I'm having some trouble with reading out the IPTC data of some images, the reason why I want to do this, is because my client has all the keywords already in the IPTC data and doesn't want to re-enter them on the site. 我在读取某些图像的IPTC数据时遇到了一些麻烦,我之所以这样做是因为我的客户端已经拥有IPTC数据中的所有关键字,并且不希望重新输入它们。
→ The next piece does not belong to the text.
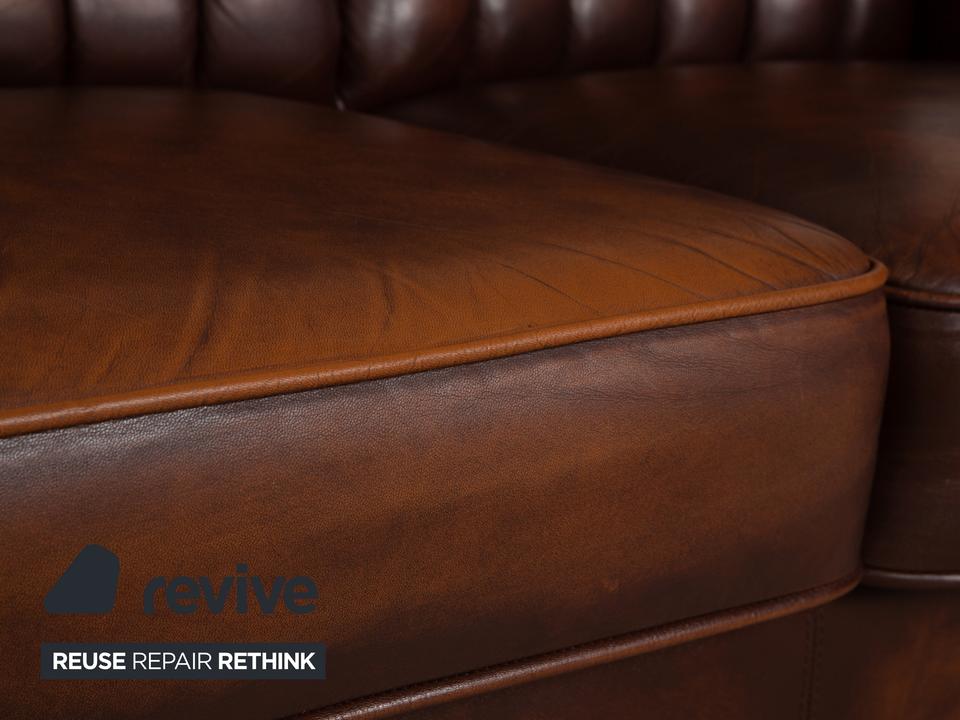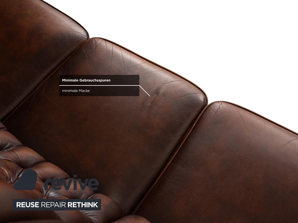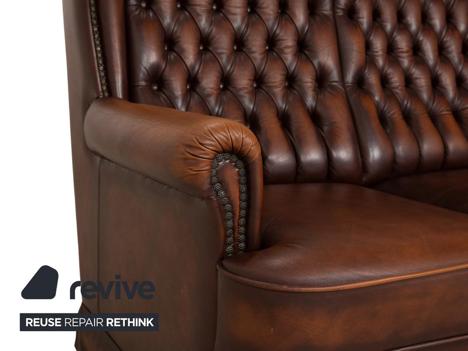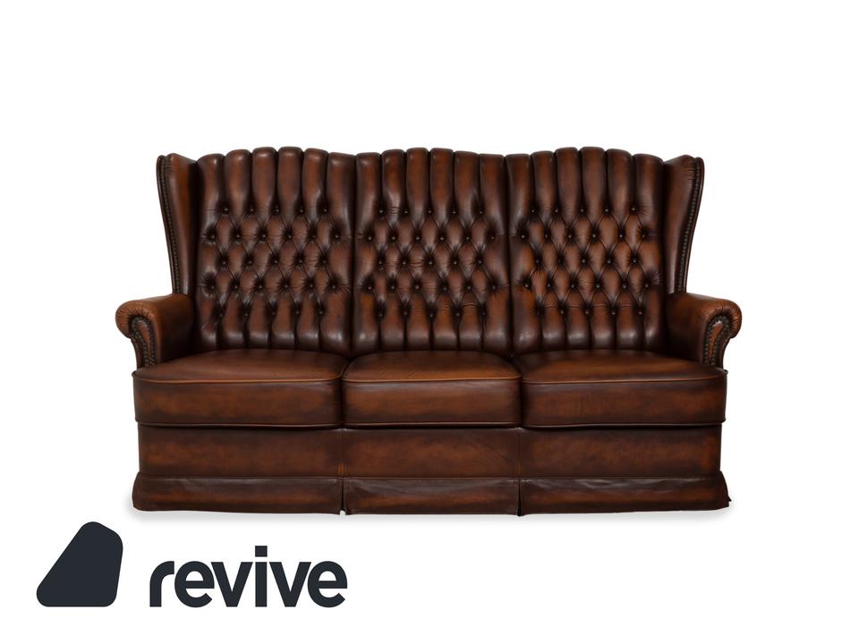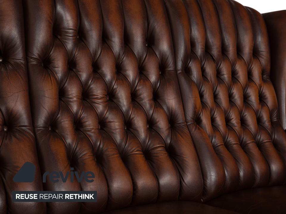 Das Chesterfield Dreisitzer Sofa legt eine extrem einzigartiges Design an den Tag. Geprägt von rostig-braunem Leder, gepolsterten Rückenlehnen und extravaganten Details agiert die Couch als echter Hingucker. Zudem bietet das hochwertige Leder maximalen Komfort, gepaart mit Langlebigkeit.

现场。

So I created this simple script to read them out: 所以我创建了这个简单的脚本来读出它们:

$size = getimagesize($image, $info);

if(isset($info['APP13'])) {
    $iptc = iptcparse($info['APP13']);

    print '<pre>';
        var_dump($iptc['2#025']);
    print '</pre>';
}

This works perfectly in most cases, but it's having trouble with some images. 这在大多数情况下都能很好地工作,但是它在某些图像上有问题。

Notice: Undefined index: 2#025 注意:未定义的索引:2#025

While I can clearly see the keywords in photoshop. 虽然我可以在photoshop中清楚地看到关键字。

Are there any decent small libraries that could read the keywords in every image? 是否有任何体面的小型库可以读取每个图像中的关键字? Or am I doing something wrong here? 或者我在这里做错了什么?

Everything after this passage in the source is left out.